We sought to characterize immune responses to casein in children with FPIES caused by cow's milk (CM).

Methods:

Total IgE and IgM, CM-specific IgG, and casein-specific IgE, IgG, IgG4, and IgM levels, as well as immunoglobulin free light chains, were measured in both patients with active and those with resolved CM-FPIES. Proliferating casein/T-effector cell counts were measured in children with CM-FPIES, children with IgE-mediated CM allergy, and those tolerating CM. Cytokine concentrations in the supernatants were quantified. Serum cytokine and tryptase levels were measured before and after a positive oral food challenge (OFC) result and compared with levels in those with a negative OFC result.

Results:

We found low levels of CM and casein-specific IgG and casein-specific IgG4 in patients with CM-FPIES versus those tolerating CM (P< .05). Although we found both a high CD4+ T cell–proliferative response and TH2 cytokines production after casein stimulation in children with CM-FPIES, results were similar to those in control subjects.

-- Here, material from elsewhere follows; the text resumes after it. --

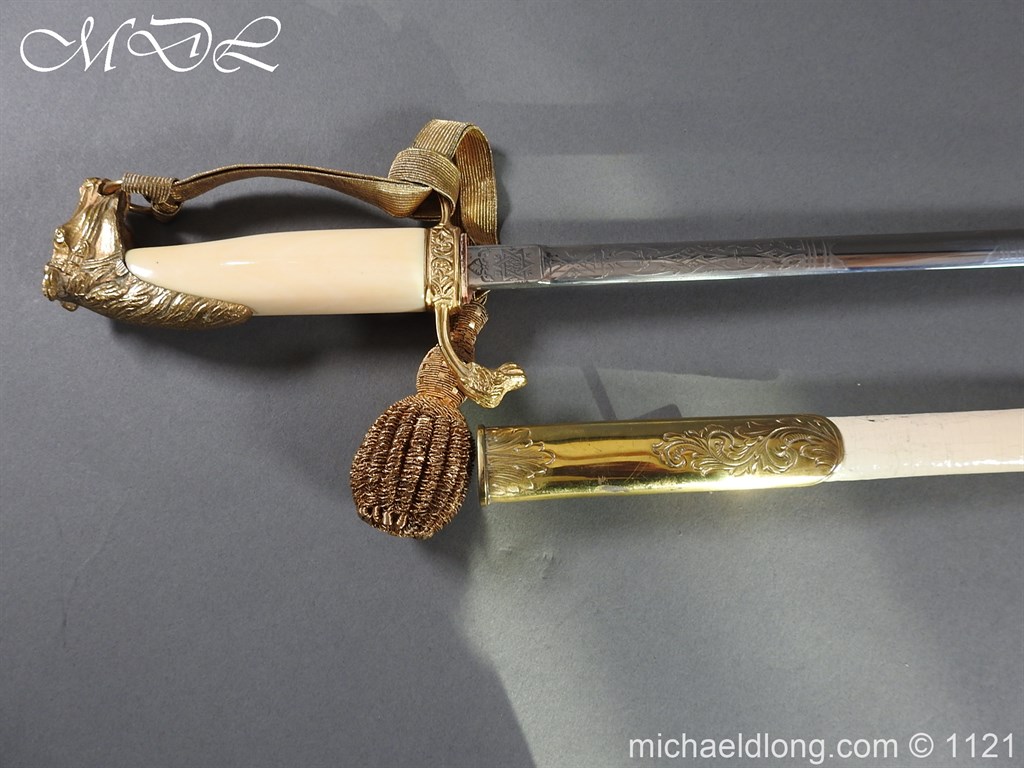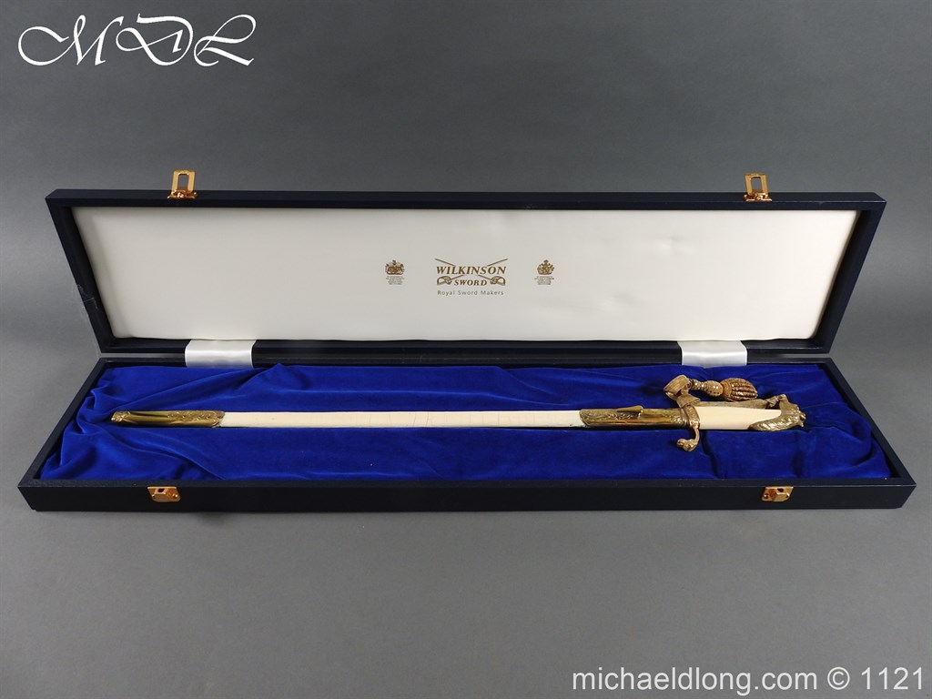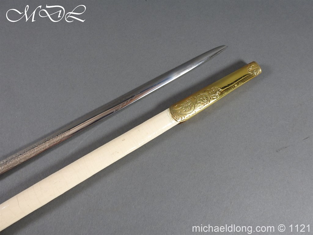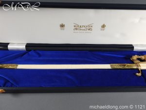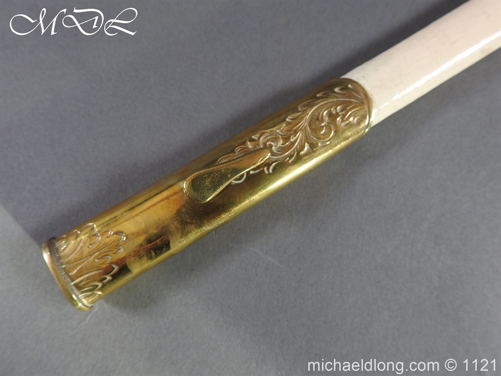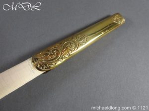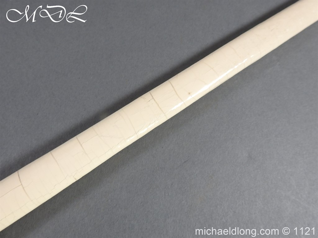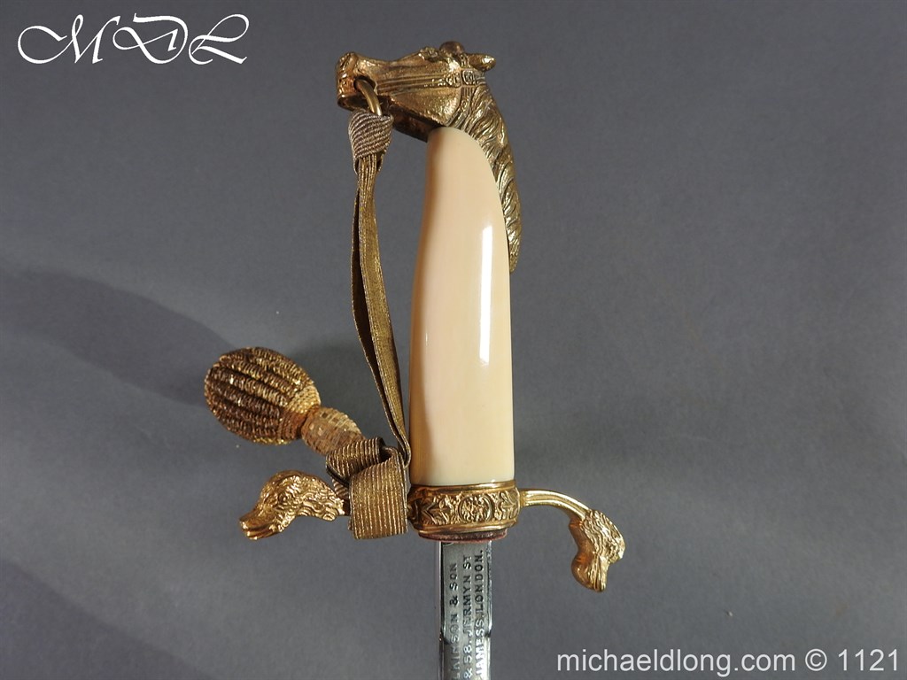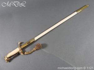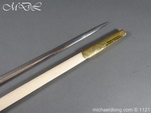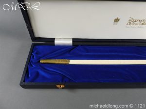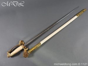 British Page of Honour Sword George the 5th plain bone grip with horse head pommel in gilt brass and matching cross guard with dog head finials pointing in opposite directions. The blade narrow bi-convex section tapering to a point along it’s full length with square shoulder and the hilt. Acid etched with foliage G R V and crown should marked Wilkinson & Son 57 & 58 Jermyn Street St James London plus stylised W within the Star of David. Complete with white leather scabbard which has engraved gilt mounts original knot and contained within a modern Wilkinson Sword box. Please note age wear to the white finish on the leather scabbard. Information: British Cut & Thrust Weapons by John Wilkinson Latham page 51 – Blade Length: 23.75 inches – Overall Length: 27.75 inches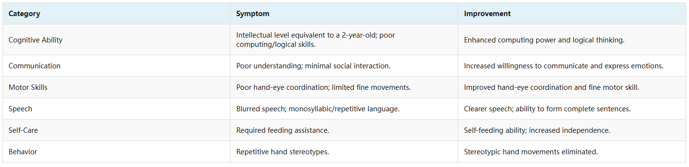 4. Improved Oxygen and Blood Flow – In some autistic children, brain regions lack proper oxygen or blood supply. Stem cells enhance microcirculation and promote new blood vessel formation (angiogenesis), improving overall brain function.

Significantly lower secretion of IL-10 and higher secretion of IL-9 by casein-stimulated T cells were found in patients with CM-FPIES versus those with IgE-mediated CM allergy. Lower baseline serum levels of IL-10 and higher tryptase levels were found in active CM-FPIES versus resolved CM-FPIES. We found a significant increase in serum IL-10 and IL-8 levels after a positive OFC result.

Conclusions:

We confirm the paucity of humoral response in patients with CM-FPIES. IL-10 might play a key role in acquisition of tolerance in patients with CM-FPIES. Increased serum IL-8 levels in patients with active FPIES suggest neutrophil involvement. Elevated baseline serum tryptase levels in patients with active FPIES suggest low-grade intestinal mast cell activation or increased mast cell load.